Вот что поведали Амру двое друзей. Ни тот, ни другой, словно сговорившись, не вспомнили то место из Плутарха, в «Жизнеописании Цезаря», где, не очень понятно почему, биограф утверждает, будто огонь, «распространившийся от арсенала», уничтожил «великую библиотеку». Не то чтобы они нарочно утаили довод, на первый взгляд свидетельствовавший не в их пользу: оба хорошо знали, что с Плутархом можно поспорить; что библиотека, если угодно так называть Мусей, вовсе не была расположена вблизи арсеналов; что Плутарх скорее всего неверно понял источник, где говорилось — как у Кассия Диона — о «складах книг» (bibliothékas), и вообразил себе апокалиптический пожар в Мусее. Они уже и так злоупотребили вниманием Амра и его терпением. Незачем, сочли они, еще больше его запутывать.
Пока ученые мужи на какое-то время смолкли и Амр сосредоточенно, с восхищением повторял про себя непогрешимый ход рассуждений, посланец Омара, только что высадившийся в Александрии, явился к эмиру в жилище Иоанна. Его приход пробудил всех троих от размышлений, которым каждый предавался, невольно продолжая прерванную беседу. В ходе дискуссий, какие вели они в эти дни ожидания, все трое, можно сказать, погрузились в прошлое, куда увлекло их предпринятое расследование. Теперь же предстояло вернуться в настоящее. Амр прочел послание.
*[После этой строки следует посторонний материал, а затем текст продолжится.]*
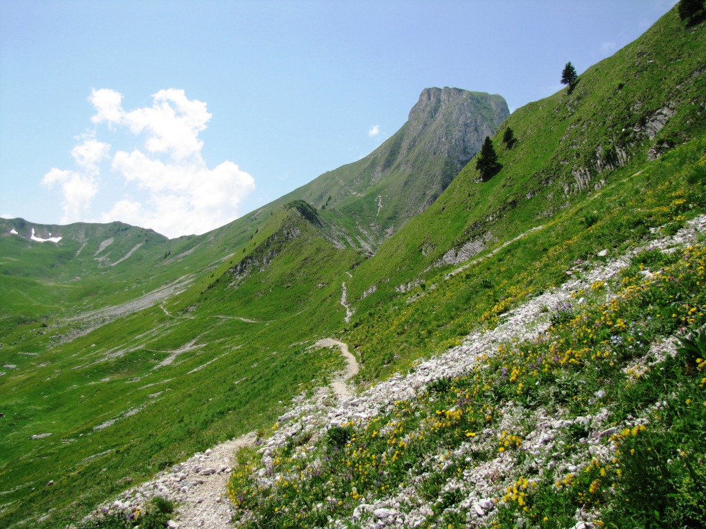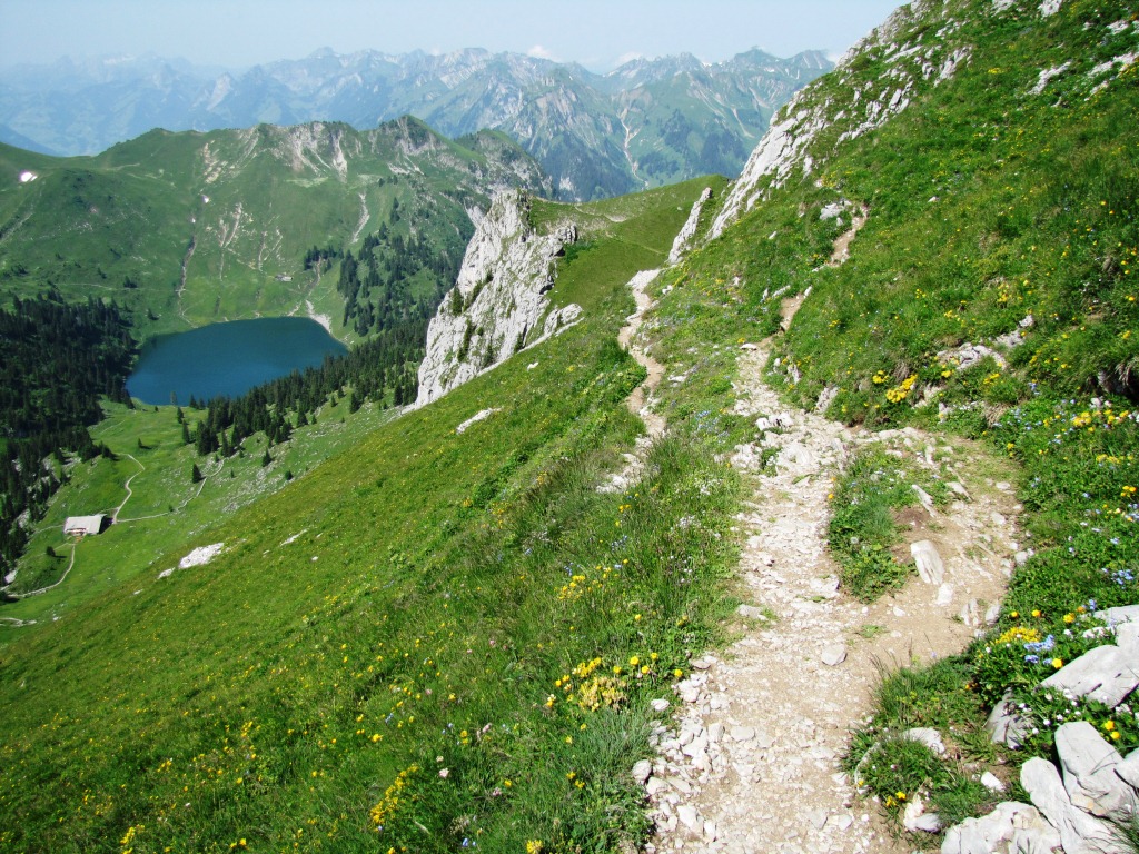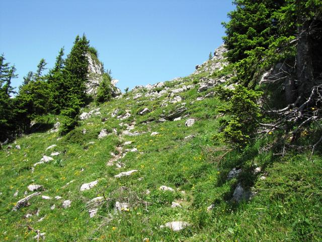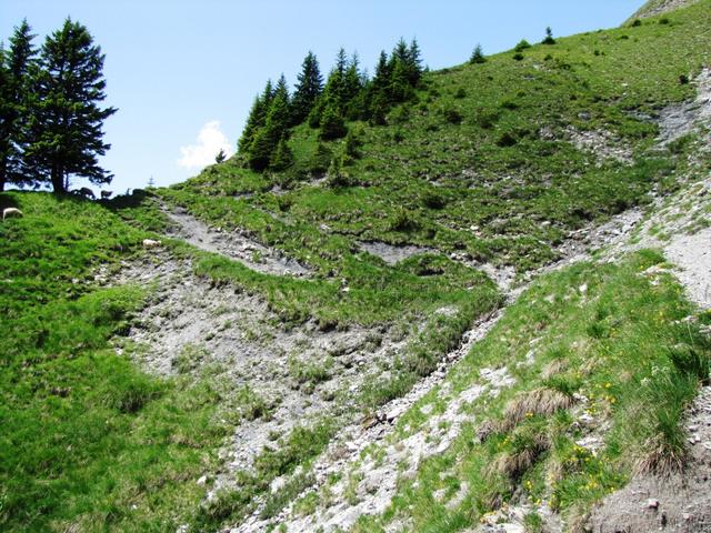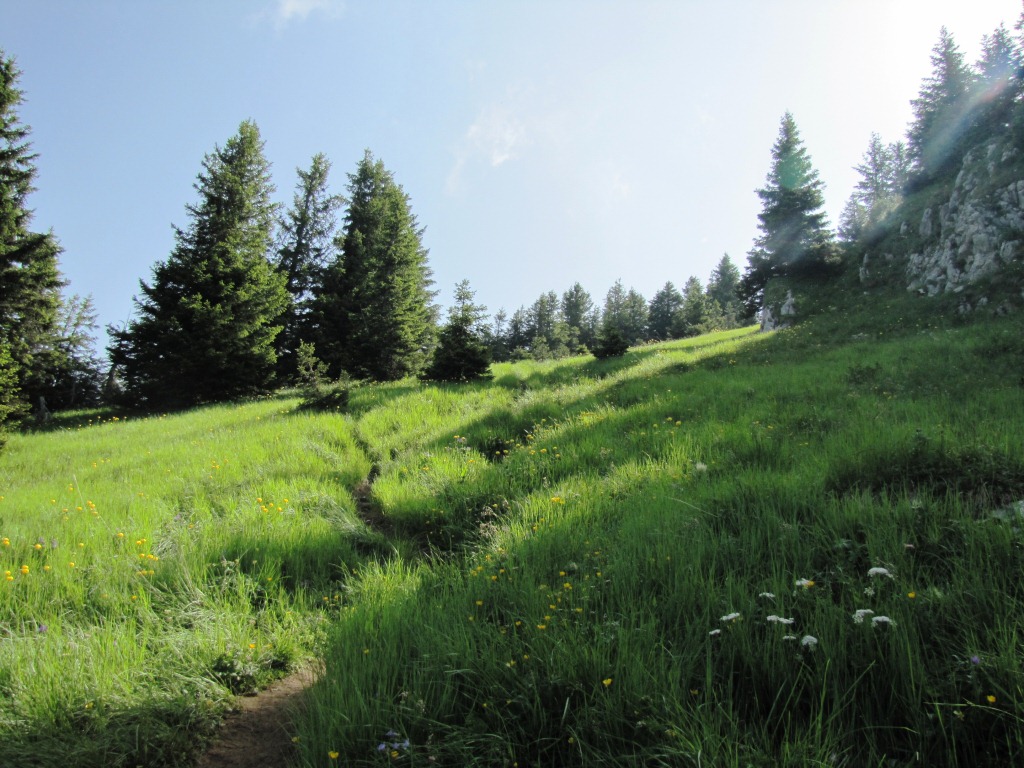 in leichtem Auf und Ab zieht sich der Bergweg durch die abschüssige Südhänge

Что до книг, о которых ты упомянул, — писал Омар, — вот тебе мой ответ: если их содержание согласуется с книгой Аллаха, мы можем без них обойтись, ибо в таком случае книги Аллаха более чем достаточно. Если же, наоборот, они содержат в себе нечто противное книге Аллаха, нет никакой надобности их хранить. Пойди и уничтожь их.
Легко представить себе разочарование и огорчение обоих ученых, но, может быть, следовало бы сказать — всех троих собеседников. С другой стороны, чего можно было ожидать от такого правоверного ханжи, как Омар, — раздумывал Амр, — от человека, который, как представляется, дошел до того, что помешал умирающему Пророку продиктовать вторую книгу, повинуясь, опять же, суждению, будто в Коране уже заключено все?
К каким противоположным результатам, — думал в свою очередь Иоанн, — может привести равная по силе вера: на симпосионе мудрецов, о котором рассказал Аристей, семьдесят два ученых еврея ответили на каждый из причудливых вопросов царя, ища в каждом случае соответствия с волей Бога; теперь халиф в своем схематичном ответе сводит все к соответствию с книгой Бога (которого называет Аллахом); к тому же, — твердил он про себя, безутешный, — те приложили руку к прирастанию библиотеки, и без того огромной, а этот варвар, наоборот, во имя грубого силлогизма обрекает такое сокровище на уничтожение.
Было невозможно, да и неприлично, оставаться долее. В молчании, без ненужных церемоний, Амр навсегда покинул дом Иоанна. Повинуясь велению халифа, он приступил к уничтожению книг. Распределил их между всеми банями Александрии, отдав на растопку печей, благодаря которым мытье доставляло такое удовольствие. «Число этих бань, — пишет Ибн аль-Кифти, — было хорошо известно, но я его не помню» (мы знаем от Евтихия, что их было четыре тысячи). «Рассказывают, — продолжает он, — будто понадобилось добрых полгода, чтобы спалить все это топливо».
Только книги Аристотеля избегли общей участи.